Good luck with whatever you decide to do!


----------



## schussey (Feb 5, 2004)

oriecat- thank you so much for the help. I plan on starting this weekend. Any thoughts on a decent enlarger to go for?


----------



## ksmattfish (Feb 5, 2004)

I like Beseler and Omega, but there are lot's of other good brands.  Brand of lens is probably more important; I like Nikkor and Schneider (Componon is higher quality than Componar).  

Make sure you get an enlarger that will handle the largest film format you ever dream of using, as enlargers are going cheap these days and a good one that'll do 4x5 on down really isn't any more expensive than one that will only do 35mm.


----------



## schussey (Feb 6, 2004)

So my darkroom project is underway, I have sealed off all sources of light from the area, and clean out the room. I have bought chemical trays, projection print scale, tongs, squeegee, and just the etreme basics. I am on the market for timer, enlarger, etc. The only problem I came across is that I have no sink. Any cheap ways to wash prints?


----------



## ksmattfish (Feb 6, 2004)

I don't know where you are located, but Home Depot has cheap plastic sinks that can be hooked up to existing plumbing, or rigged via hose and faucet.

Remember, once you've fixed film/prints, they are light safe, so you could move them to the kitchen or bathroom and do the washing there.  Running water in the darkroom is convenient, but not necessary.  

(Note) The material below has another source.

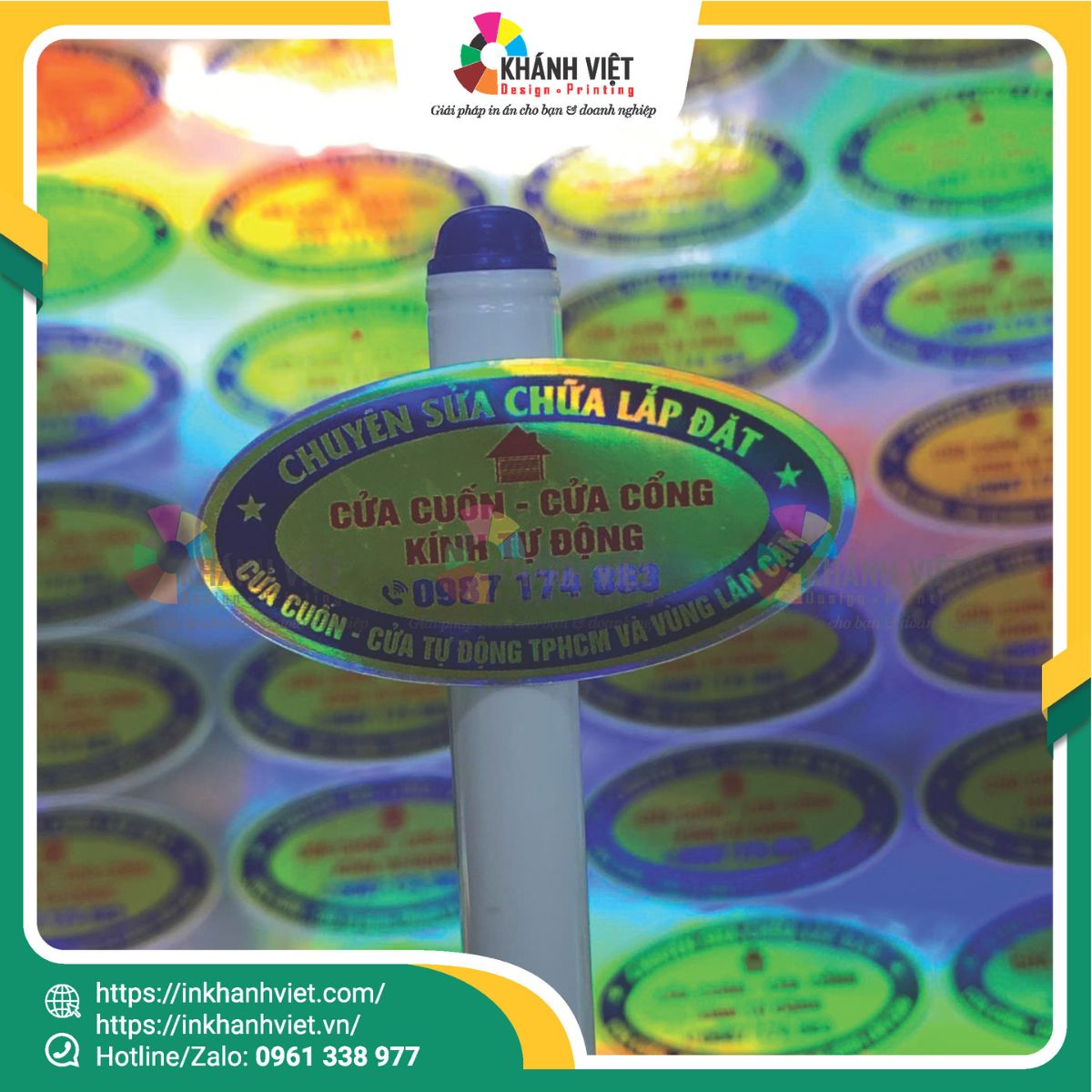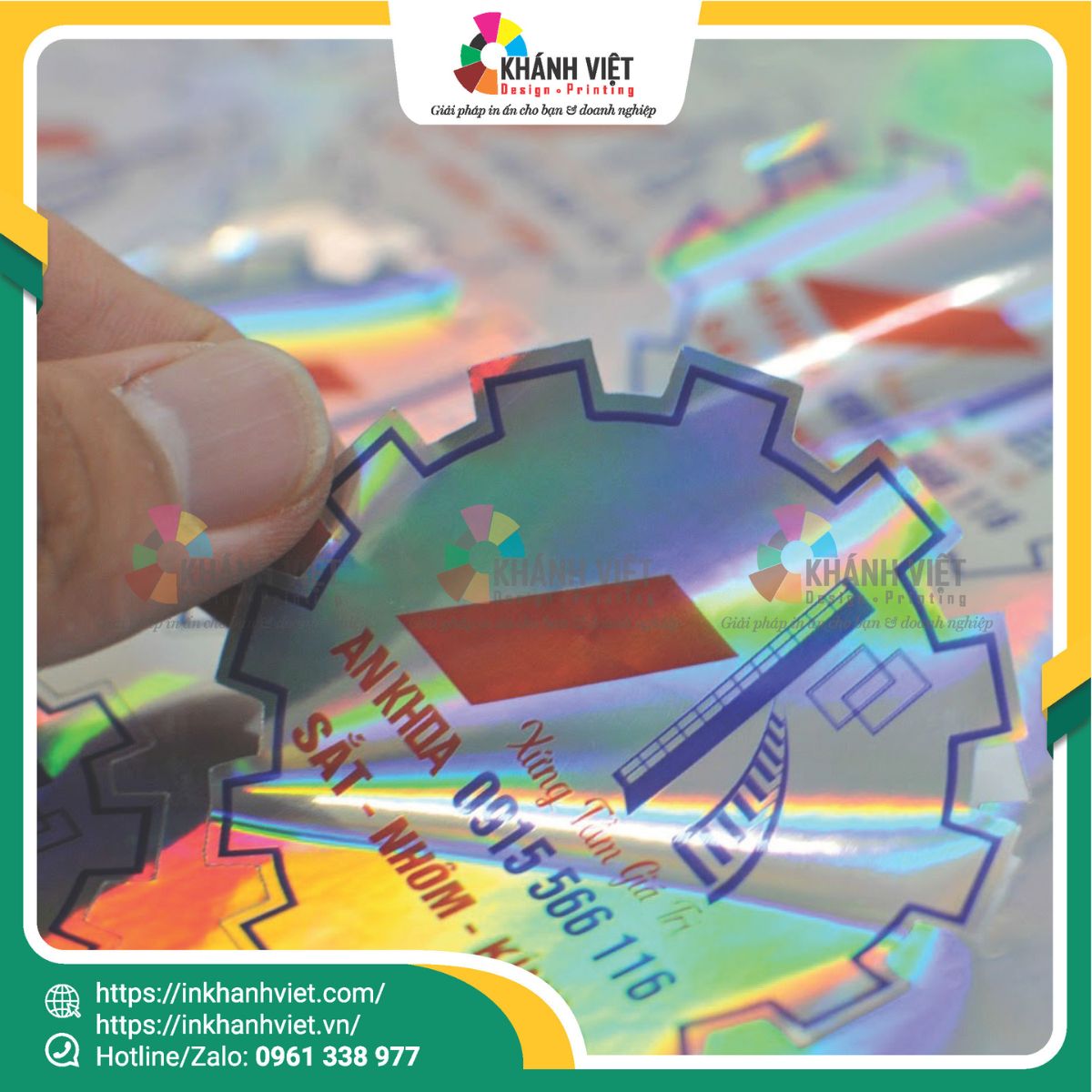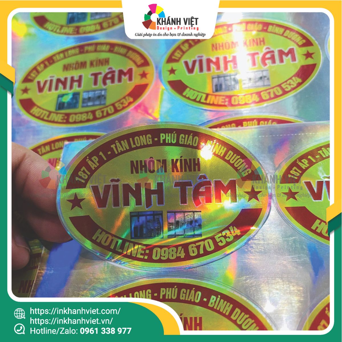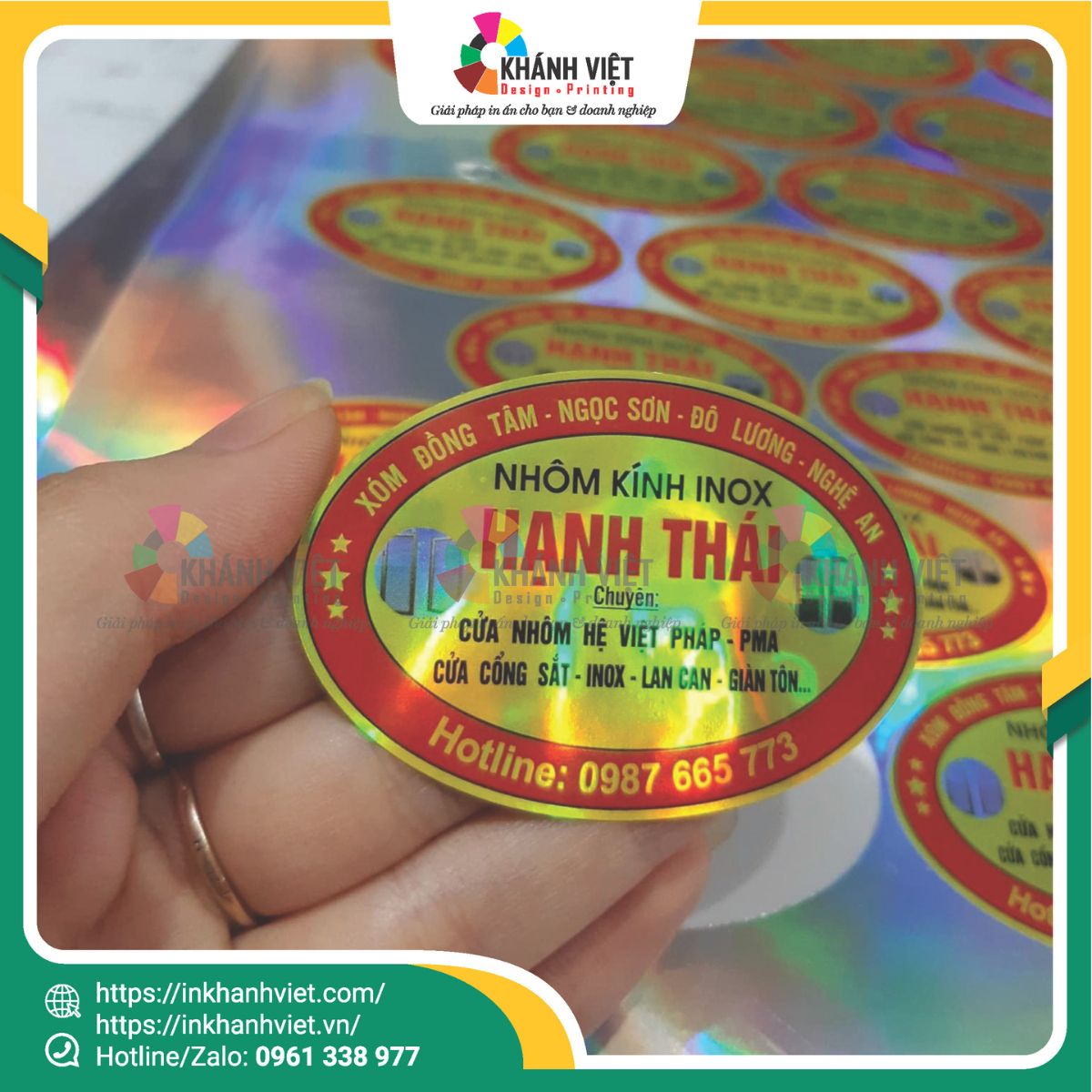 Được in trên decal hologram ánh kim, tem sở hữu hiệu ứng đổi màu rực rỡ khi thay đổi góc nhìn, tạo cảm giác hiện đại và tinh xảo – rất phù hợp với tính thẩm mỹ của ngành nhôm kính.

I used my bedroom as a darkroom for years, and did all the washing in the kitchen.  Even now my darkroom sink really isn't big enough to handle my 16x20 print washer, so I do it in the bath tub, or even outside hooked up to the garden hose when it's nice out.


----------



## schussey (Feb 7, 2004)

i'll definitly check out home depot- i was thinking that i would have to make trips into the bathroom, but will try anything for conveinience


----------



## oriecat (Feb 7, 2004)

I got my utility sink at home depot!  It is the perfect size for my print washer.

This is the sink I got:

sink list

(Hope that works!)

This is the print washer I got:

http://www.freestylephoto.biz/sc_prod.php?cat_id=&pid=1330

Glad to hear you have gotten your project underway already!  That was quick.


----------



## oriecat (Feb 7, 2004)

Well I can't get the url to go directly to the page, but the one I got is the 23x25 for $ 17.98.  I never would have thought I could get a sink for 18 bucks...


----------



## schussey (Feb 7, 2004)

Thank you so much for the help- hopefully I win the enlarger that i am bidding on (ebay)......i plan on getting both the sink and print washer


----------



## schussey (Feb 29, 2004)

so- my darkroom is basically complete, its shabby looking, but suits the purpose. My gf's father gave me a huge box of stuff, that he used to use. Inside was everything from trays to the enlarger itself!


----------



## ksmattfish (Mar 1, 2004)

Beautiful.  Go man, go!!!


----------



## schussey (Mar 7, 2004)

omg! i started printing, and my prints have been turning out so much better than the enlargers i use in class. In class I had been getting alot of grayscales, but now the contrast is alot more vivid, using same filters and such. Could it be the enlarger lens? I dono, I am definitly pleased with my results!


----------



## oriecat (Mar 7, 2004)

I noticed a lot more contrast my very first prints at home too.  Dunno if it's the enlarger or the developed or what, but I like it!


----------



## ksmattfish (Mar 8, 2004)

It may be that you were using a diffusion enlarger in class, and a condenser enlarger at home.  Although it is also true that some brands of lenses tend to be more contrasty than others.


----------